The investigation of AT&T Illinois, which was reported by the Chicago Tribune earlier this year, is being resolved with a deferred prosecution agreement under which the company admitted it arranged for payments to an ally of Madigan to influence the powerful speaker’s efforts in assisting with legislation sought by the company in Springfield, Ill.
In exchange for admitting guilt and paying a $23 million fine, the charge will be dropped by the U.S. Attorney’s Office in two years. AT&T is under scrutiny by the U.S. Attorney’s Office as part of the investigation into Madigan’s political operation.
In February, AT&T disclosed in a regulatory filing that federal prosecutors had notified the company they were considering filing criminal charges against its Illinois subsidiary, formally known as Illinois Bell Telephone Co. LLC, involving “a single, ninemonth consulting contract in 2017” worth $22,500.
State records show the company that year had hired a stable of Madigan-connected lobbyists working for the Illinois subsidiary as AT&T was fighting for a controversial bill to end landline service.

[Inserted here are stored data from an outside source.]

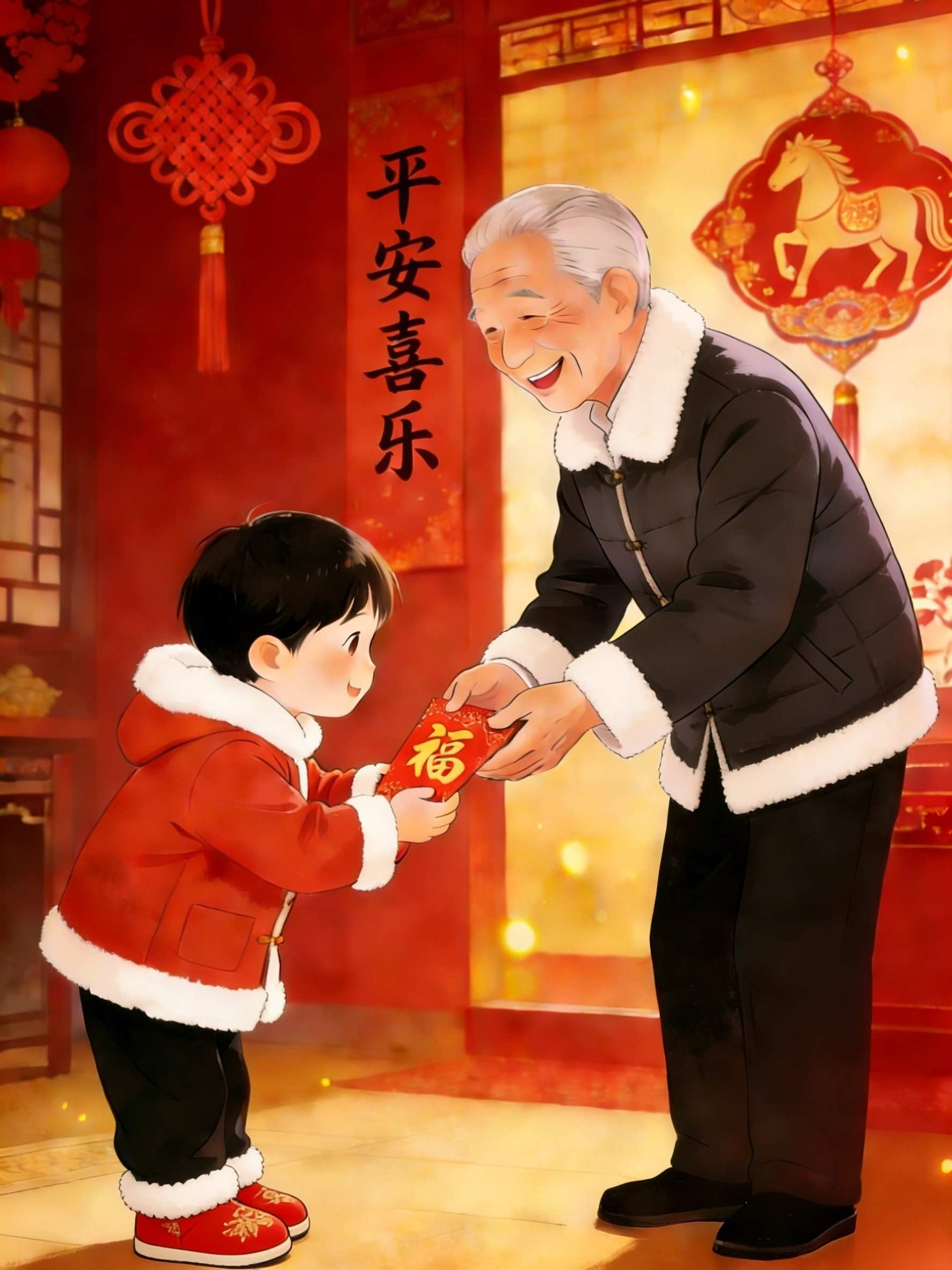 После вечере, најпопуларнији је обичај да деца добију срећу у црвеним ковертама од родитеља и бака, деда или других рођака.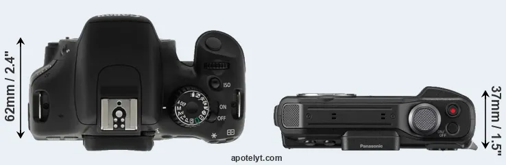 The side-by-side display below illustrates the physical size and weight of the Canon T2i and the Panasonic TS7. The two cameras are presented according to their relative size. Three consecutive views from the front, the top, and the rear side are shown. All width, height and depth measures are rounded to the nearest millimeter.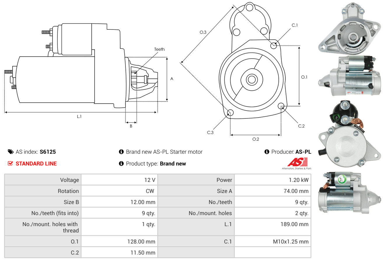 AS-PL je renomovaná evropská značka se sídlem v Polsku, která se specializuje na výrobu a distribuci startérů, alternátorů a jejich komponentů. Společnost vznikla v roce 1992 a dnes dodává více než 20 000 různých produktů do více než 100 zemí světa. AS-PL nabízí jak kompletní jednotky, tak i náhradní díly a komponenty pro opravy. [Více zde]

The Tribune reported that investigators were specifically looking at thousands of dollars in payments allegedly passed to former state Rep. Edward Acevedo, a onetime member of Madigan’s leadership team who’d recently left the General Assembly.
The payments to Acevedo were made via a lobbying contract between AT&T and Thomas Cullen, a former Madigan staffer and longtime political strategist aligned with the speaker, two sources told the newspaper.
Acevedo was a registered lobbyist at the time, state records show, but not for AT&T, and the sources said the amount of work Acevedo actually did for AT&T remains in question.